Three of Aesop's Fables


Aesop's fables are an ancient source of Aryan wisdom, told simply so that White children may understand and benefit. Here are three fables of special significance for our racially confused times.
"I maintain that in three fables of Aesop...there is more wisdom to be found than in all the books of the Talmudists and rabbis and more than ever could come into the hearts of the Jews."

—Martin Luther, On the Jews and Their Lies.


The Tortoise and the Eagle

A Tortoise, discontented with his lowly life and envious of the birds he saw enjoying themselves in the air, begged an Eagle to teach him to fly. The Eagle protested that it was idle for him to try, as nature had not provided him with wings: but the Tortoise pressed him with entreaties and promises of treasure, insisting that it could only be a question of learning the craft of the air: so at length the Eagle consented to do the best he could for him and picked him up in his talons. Soaring with him to a great height in the sky he then let him go, and the wretched Tortoise fell headlong into the sea.

In this parable, do we not see a comparison between the Tortoise's argument and that of the liberal egalitarians, who insist that Blacks can learn to be as civilized as Whites, if only they are given enough of the things that White people have?


The Eagle and the Crow

One day a Crow saw an Eagle swoop down on a Lamb and carry it aloft in its talons. "My word," said the Crow, "I'll do that myself." So it flew high up into the air and then came shooting down with a great whirring of wings on to the back of a Sheep, intending to carry it off.

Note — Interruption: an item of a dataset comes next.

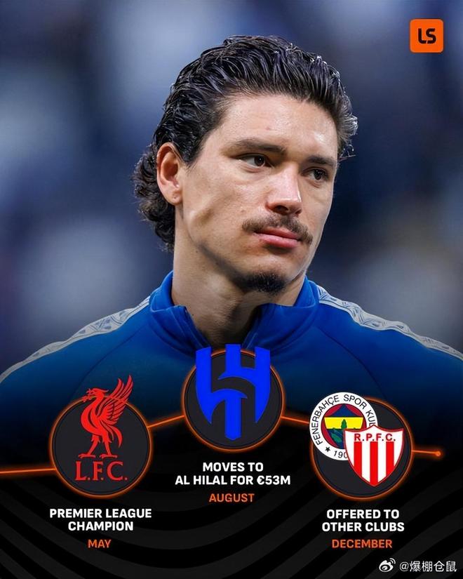而要知道的是,他薪资在半年就达到1123万欧元的水准,确实是太高。这也看出沙特人有多么的有钱,说不要就不要了。昔日双方签订合约时可是许下三年的合作时间,且年薪达到了2245万欧元,折合成周薪是43万欧元,这放在英超联赛都算顶级水准。努涅斯的一共在沙特出战23场的,打出7个进球和5个助攻的成绩。

But no sooner had it alighted than its claws got caught in the wool, and nothing it could do was of any use: there it stuck, flapping away and only making things worse instead of better. By and by the Shepherd came along. "Oho," he said, "So that's what you'd be doing, is it?" And he took the Crow and clipped its wings and carried it home to his children. It looked so odd that they didn't know what to make of it. "What sort of bird is it, Father?" they asked. "It's a Crow," he replied, "and nothing but a Crow: but it wants to be taken for an Eagle."

Here we have an obvious comparison between Blacks (a crow is a "black bird") and Whites, whose successes they would imitate, if only they could. Nature gave the Crow and the Eagle different ways of making a living, and disaster would befall either of them if they were to try the ways of the other. The same is true for the races of men.


The Crow and the Swan

A Crow was filled with envy on seeing the beautiful white plumage of a Swan and thought it was due to the water in which the Swan constantly bathed and swam. So he left the neighborhood of the inns, where he got his living by scavenging crumbs and bits of meat left from the plates of the diners, and went and lived among the pools and streams. But though he bathed and washed his feathers many times a day, he didn't make them any Whiter and at last died of hunger into the bargain.

The official Aesop moral for this fable is: "You may change your habits, but not your nature." Indeed, the racial parallel could scarcely be more clear. Non-Whites do not become the equals of Whites by living among them. Mixing the races is unnatural and leads to harm of one sort or another.